Impossible de comprendre qui est le sulfureux et ambitieux Olivier Rousteing sans porter un regard sur le monde dans lequel on vit. Aujourd’hui, Skyzo vous propose à travers une petite chronologie de dresser le portrait de ce génie créatif de la génération Y.

 

La Modernité

Né sous X et adopté par une famille bordelaise, Olivier Rousteing est un élève brillant : il obtient son bac avec deux ans d’avance. Quand Ruquier lui demande quelles sont les raisons expliquant sa précocité, il fait le lien avec sa couleur de peau. Adopté à Bordeaux, il n’a qu’une peur en se levant le matin ; celle de retourner à l’orphelinat.

A 18 ans, diplômé de l’ESMOD, il quitte Paris pour l’Italie et fait le « garçon d’image » les week-ends pour financer ses stages dans l’industrie de la mode. C’est à Rome que Roberto Cavalli donne sa chance au jeune styliste. Il est débauché par Balmain en 2009 et devient, deux ans plus tard, à 25 ans, le premier directeur artistique « black » d’une maison de couture.

Salut, je suis le boss du style-game
« Hi, my name is boss, boss du style-game. »

En février 2015, Olivier Roustaing offre sa première mise à nu en posant en couverture de Têtu. Un acte fort, que le jeune homme assume. Oui c’est osé, mais non il ne se justifiera pas. Photogénique, le jeune frenchy est le Best Buddy d’Hollywood, comme il le prouve quotidiennement en alimentant son compte Instagram suivi par 3,8 millions de personnes. Un univers voluptueux et épicurien qui l’inspire, qu’il défend et revendique.

Couverture pour Têtu - Mars 2015
Couverture pour Têtu – Mars 2015

Avec Olivier Rousteing, le luxe n’a plus de code

Dans l’émission « On n’est pas couché » il persiste et signe : Kim Kardashian est bien l’incarnation du chic aujourd’hui. Par ailleurs, avec sa collection capsule pour NikeLab, il prouve que sport et glamour ne sont pas antinomiques. Lors d’une récente interview accordée à Elle.fr pour la sortie de sa collection, il déclare vouloir proposer une ligne de t-shirt et des jeans griffés Balmain à moins de 500 € disponible uniquement en ligne. Un cadeau pour la « nouvelle génération du clic », toujours plus impatiente et à qui il s’identifie très fortement.

Mais le talentueux créateur prend la mesure d’une telle décision stratégique pour une maison de couture. L’enjeu est de taille pour Balmain.
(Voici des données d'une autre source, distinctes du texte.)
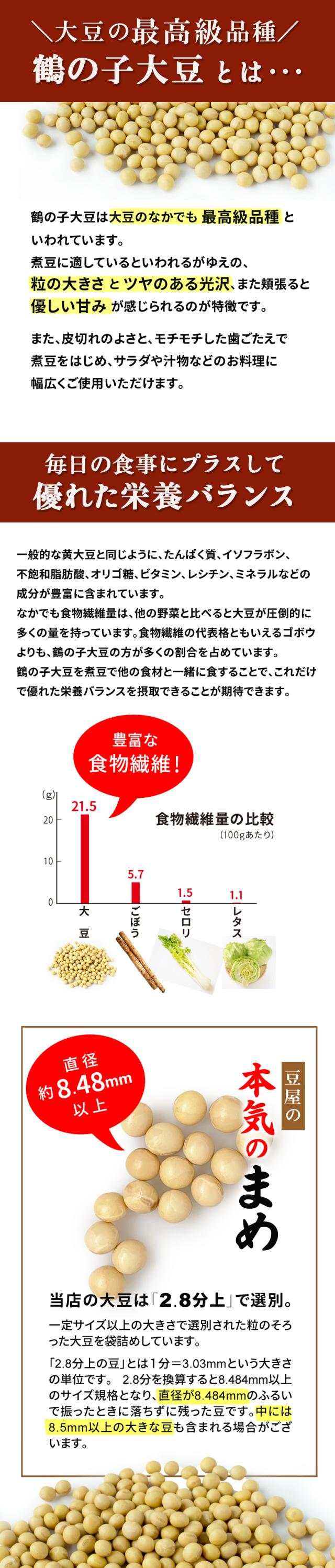 「鶴の子」は北海道南部で生産されている品種銘柄で、高級大豆の代名詞的存在です。煮豆に適した最高級品種「鶴の子大豆」。大粒で皮切れが良く、ショ糖の割合が非常に高く豆の自然な甘さをかもし出している、煮豆に最も適した大豆と言われています。
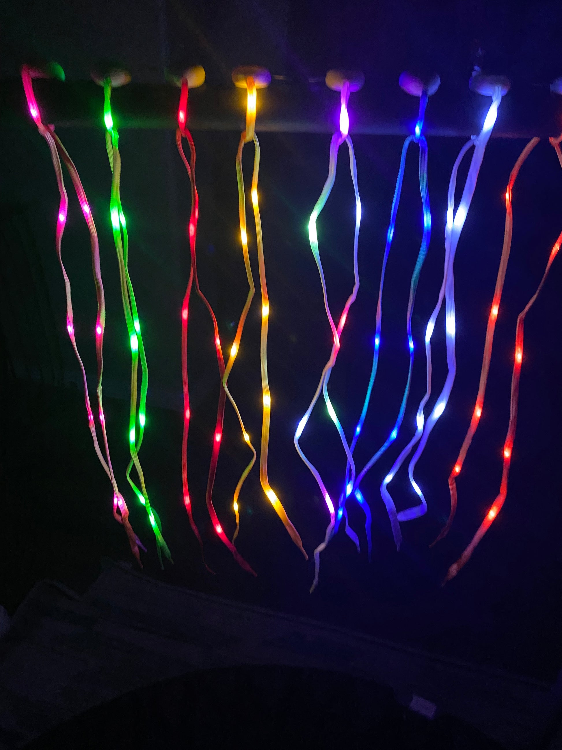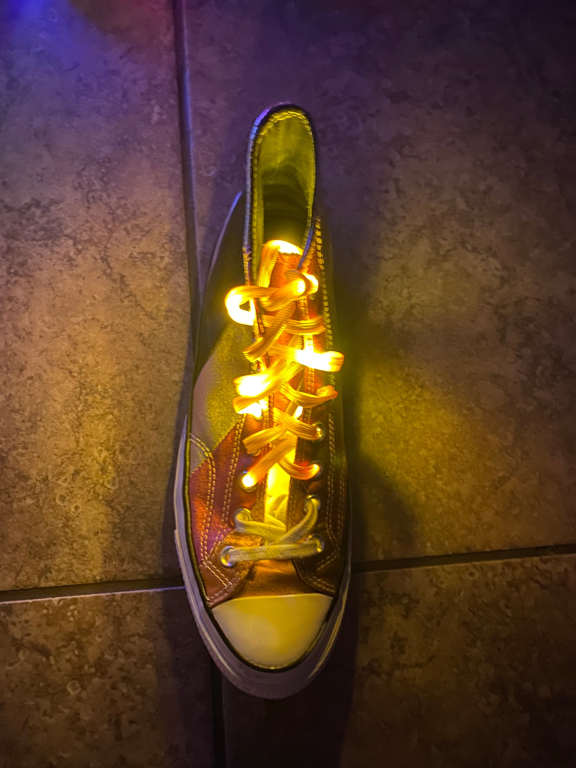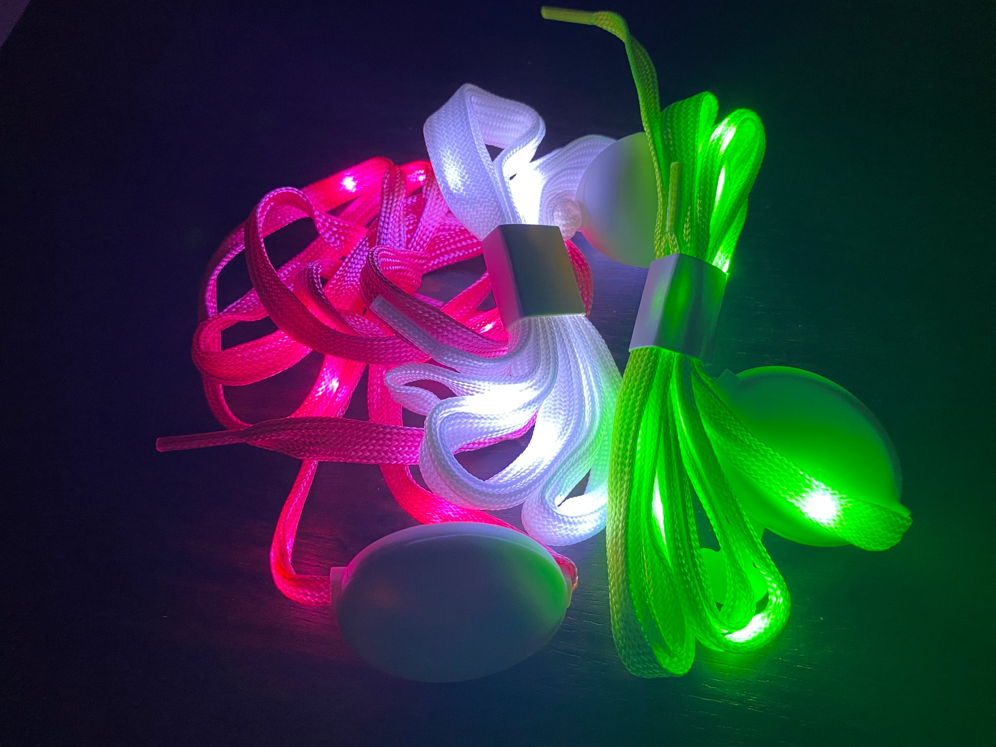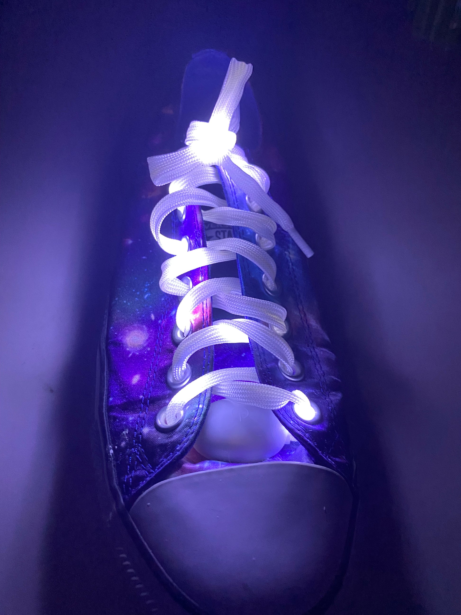 - Standard 48" shoelace (24" each side connected by a battery pack in the middle)

S’il est parvenu à moderniser la marque, en lui offrant une deuxième jeunesse luxurieuse et sensuelle, les clients les plus fidèles doivent pouvoir continuer de s’y identifier.

Ce génie que le 2.0 rend plus accessible, entend bien jouer de toute son influence pour casser les codes et les réinventer. Fier de son parcours, à l’aise avec son identité et sa génération, le trentenaire est un travailleur acharné, qui a su s’entourer des plus talentueux. C’est aux États-Unis qu’il se sent chez lui, la fausse pudeur, les codes français semblent bien trop embarrassants et bloquants pour l’artiste au franc parlé. S’il peut faire jaser et facilement irriter, d’aucun ne dirait d’Olivier Roustaing qu’il a démérité.